The discussion of male identity takes place always in the context of how this was a precursor and then concurrent aspect of the building of larger national identity. There are many, eventually repetitive references to what would become an English vision of modern (read "Industrial Revolution") manliness: rural, strong, fit, and more than anything willing to engage in activities of explicit physical risk. The discussions of male-ness in this book center on an Industrial Revolution intelligentsia worried that factory work and the tyranny of technology would rob the English Man of his stamina, his connection to the land, of his vigor and his strength, his ability to withstand physical and spiritual hardship, and ultimately the Empire. The discussion is very much rural-vs.-urban, but is also economic and social, landed-vs.-dispossessed and gentry-vs.-peasant. Into this surprisingly strong and strident public discussion arrives rugby, a sport accessible at first to only some, and eventually to all, in which the ideals of English masculinity could be first regained, then strengthened, and then showcased, first domestically then internationally.

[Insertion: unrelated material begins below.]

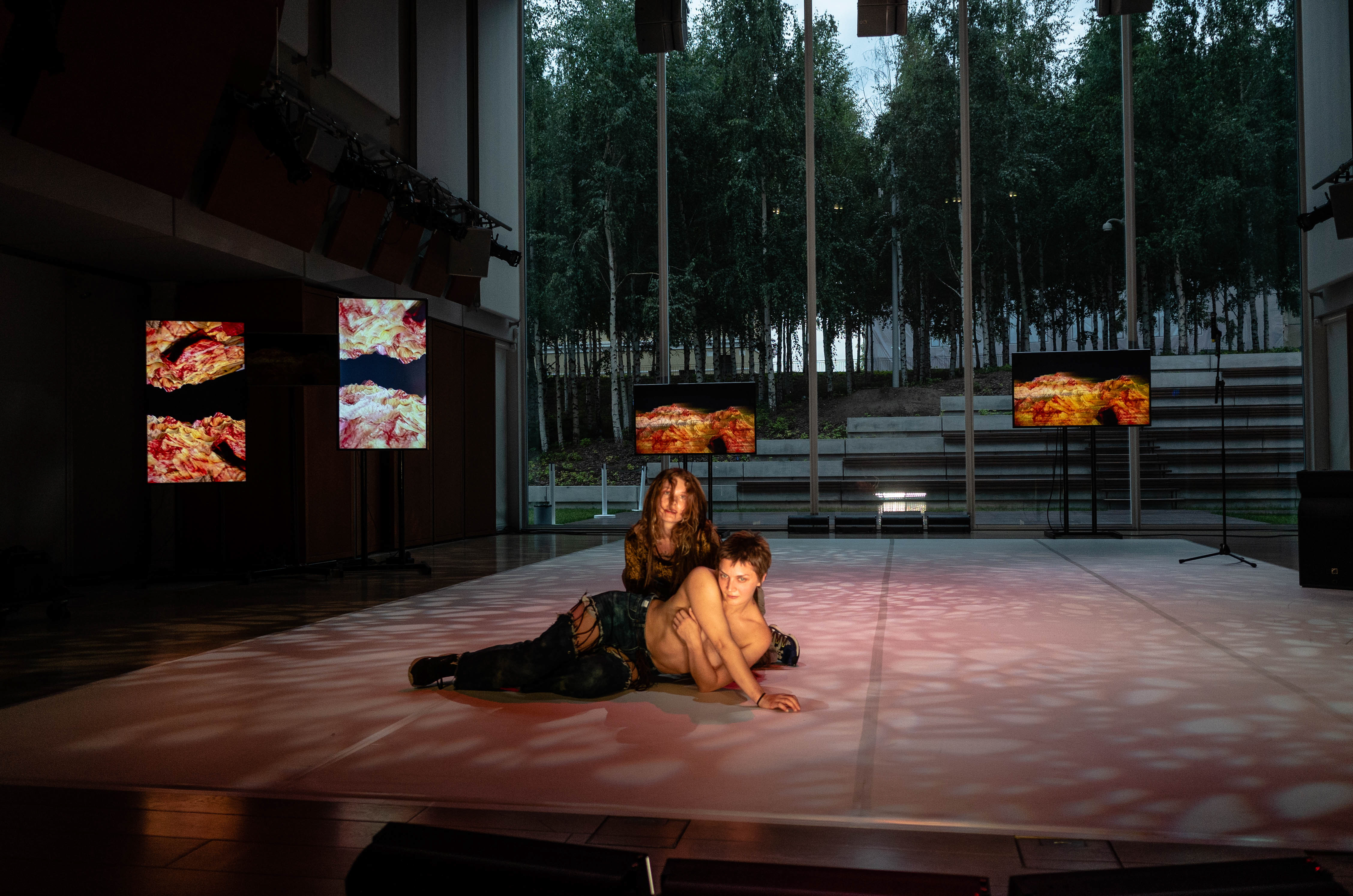 Doch das ist es noch nicht ganz – mit technisch verzerrter Stimme wird das Publikum dazu aufgefordert, sich gemeinsam mit den Performerinnen in das Foyer zu begeben. Dort wird die für Belyagina typische, ganzheitliche Nutzung des Theaterraums noch einmal verdeutlicht: Schon im Bühnenraum wurden auch die Wände und die Traversen der Lichttechnik bespielt, im Foyer nun werden Pflanzen, Sofas und die Bar miteinbezogen – bis die beiden Performerinnen plötzlich durch eine der Türen verschwinden.

This leads to the real core of this book, which I found much more interesting than the predictable gender positions within rugby. It is the surprisingly influential and arguably pivotal role rugby played in the development and growth of national identity and then nationalism in England and Wales (by implication, Ireland and Scotland), and in the colonies of South Africa, New Zealand, and Australia. In a nutshell: rugby emerged as a class-restrictive sport, which rapidly became a location of class-transcending social mixing. As coalescing Industrial Revolution economic classes bonded over a common love, so was born mutual dependence, respect, and the basis for a larger understanding of common cause and purpose. So was born pride and societal/cultural definition, from which nationalism rapidly grew: ". . . the `mateship' associated with rugby served to transcend class boundaries and weld men together under a canopy of common masculinity."

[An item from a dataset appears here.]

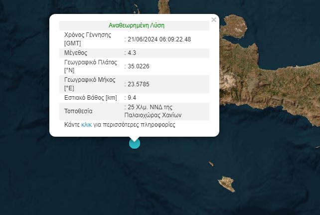 Σύμφωνα με το Γεωδυναμικό Ινστιτούτο του Εθνικού Αστεροσκοπείου Αθηνών, το επίκεντρο της δόνησης εντοπίζεται στον θαλάσσιο χώρο 25 χιλιόμετρα νότια νοτιοδυτικά της Παλαιοχώρας Χανίων.

There are 12 articles across 244 pages. The articles are arranged in a basic chronological order, starting with the opener discussing rugby in British public schools in the 1830s on, up to the final chronological article on the role of rugby in South Africa in the latter half of the 20th century.

For someone looking for some great quotes on maleness and rugby, the unique attributes of the sport, this book is a trove: rugby as "...physical combat without (having to resort) to uncontrolled violence;" the rugby player as "warrior-philosopher;" rugby as a display of "healthy animalism," and; the rugby pitch as "...a testing ground-a place where manliness was learned, character developed and manhood discovered." There are hundreds more to choose from.

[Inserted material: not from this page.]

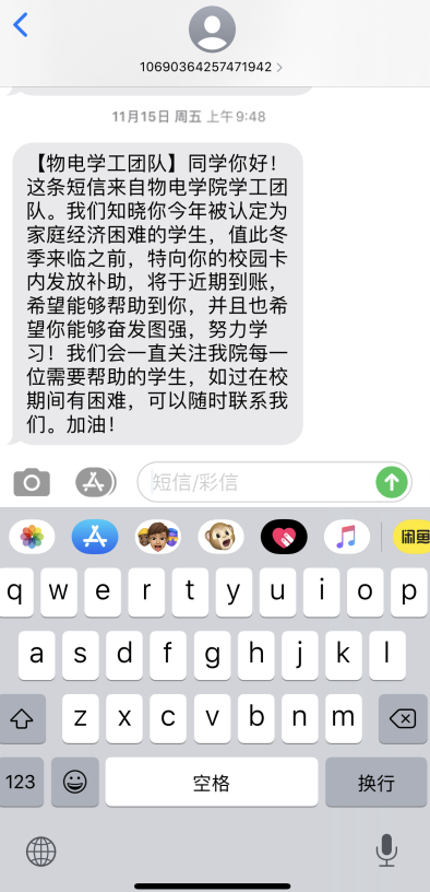 “校园卡里突然多了钱,真心感谢公司,这种资助方式太暖了。”m88的一名员工突然收到这一条陌生号码的温馨短信时,内心非常诧异,不敢相信是真的。当他查询了校园卡金额核实后,才确定这一切都是真的。今年冬天,公司根据员工的家庭经济情况和员工在校期间的消费情况,确定了一个“隐形资助”的计划,通过前期大量的分析,确定了最终的补贴名单,偷偷的往员工的校园卡里补贴100-200的餐费。

The scholarly citation is quite good throughout, with ample opportunities to examine sources and seek out additional reading. I think it was a poor editorial decision, however, to use chapter end notes rather than traditional footnotes, as the moving back and forth to the end of the chapter interrupted the flow of my reading. The book is scholarly, after all, let the footnotes fall where they should. There is a surprisingly comprehensive index, another solid aid for the researcher and student.

Bottom line: If you're looking for a straightforward history of rugby, tales of storied matches, ancient rivalries, and wins/losses, this book isn't for you. If you are a serious gender studies student or reader, this book will deliver somewhat on the book's subtitled promise of masculine identity examination, largely confirming all of the worst rugby stereotypes. But, if you're a sports-minded intellectual accustomed to serious academic writing and with the basic background in current political science, economics, history, and the world system, looking for something interesting that ties all of them together convincingly, then this book will be as revealing and pleasurably surprising for you as it was for me.